Minimally Invasive Breast Cancer Surgery Questioned for Treatment
Minimally invasive breast surgery may be trading better cosmetic outcomes for worse rates of cure, warns a senior doctor in an editorial published on bmj.com today.
Effectiveness and safety, as well as aesthetic outcomes, need to be considered when planning surgery for breast cancer, writes Monica Morrow, Chief of the Breast Service at Memorial Sloan-Kettering Cancer Center in New York. But over the past 30 years, surgery has become increasingly devoted to improving cosmetic outcomes.
New techniques such as oncoplastic and endoscopic surgery, which involve minimal skin incision, are now possible. But a review of the evidence reveals that the oncological safety of these new procedures is often not being evaluated thoroughly.
Morrow is concerned that failure to demand a rigorous evaluation of oncological outcomes as well as cosmetic ones runs the risk of losing some of the gains in survival seen in the past decade.
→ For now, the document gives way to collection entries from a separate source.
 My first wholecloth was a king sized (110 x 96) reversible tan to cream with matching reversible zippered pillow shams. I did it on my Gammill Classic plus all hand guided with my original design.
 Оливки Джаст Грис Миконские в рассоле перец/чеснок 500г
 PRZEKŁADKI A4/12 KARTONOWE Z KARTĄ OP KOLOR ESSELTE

"We must ensure that surgical approaches designed to improve cosmetic outcomes do not increase local failure and the risk of subsequent death from breast cancer," she says.
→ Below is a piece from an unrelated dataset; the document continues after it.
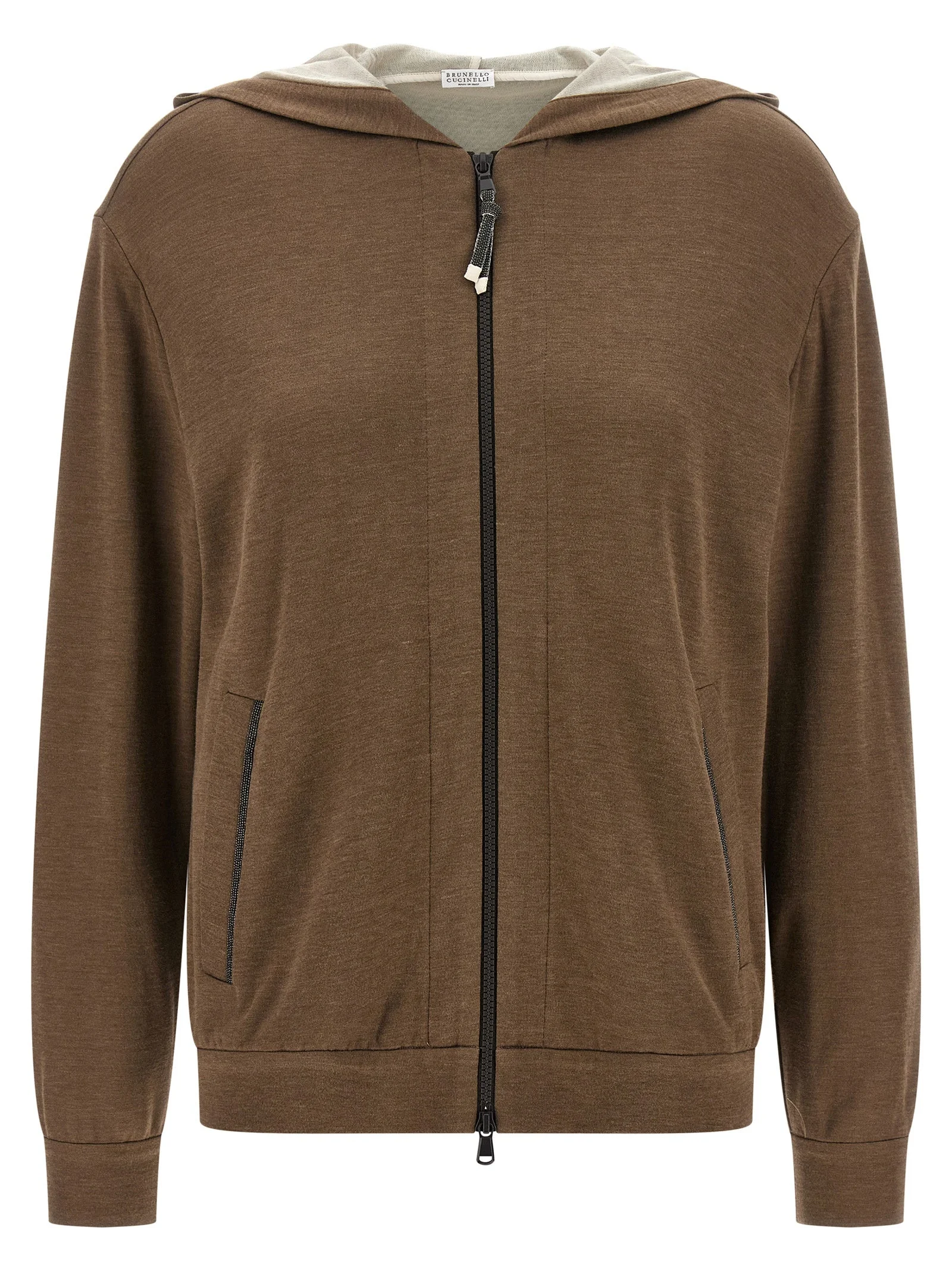Cotton and silk blend melange hoodie, pockets with Monile detail, front zip closure with Monile zip puller, long cuffed sleeves. true to size fit 67% cotton 31% silk 2% polyamide SKU: MD828SB806C9122 Our Products Are 100% Genuine. In All Cases We Stand By The Authenticity Of Every Product Sold On Our Site. All sales are final and we only accept returns for quality issue. Buyer is responsible for any import tax/duty if applicable.

She also points out that the developing fields of oncoplastic surgery and minimally invasive breast surgery require rigorous assessment of patient reported outcomes to ensure that new procedures actually improve outcomes that are important to patients.
"The local treatment of breast cancer is based on the results of numerous high quality clinical trials and is therefore a model for evidence based care. As we attempt to advance from good to great cosmetic outcomes it is important that we remember this," she concludes.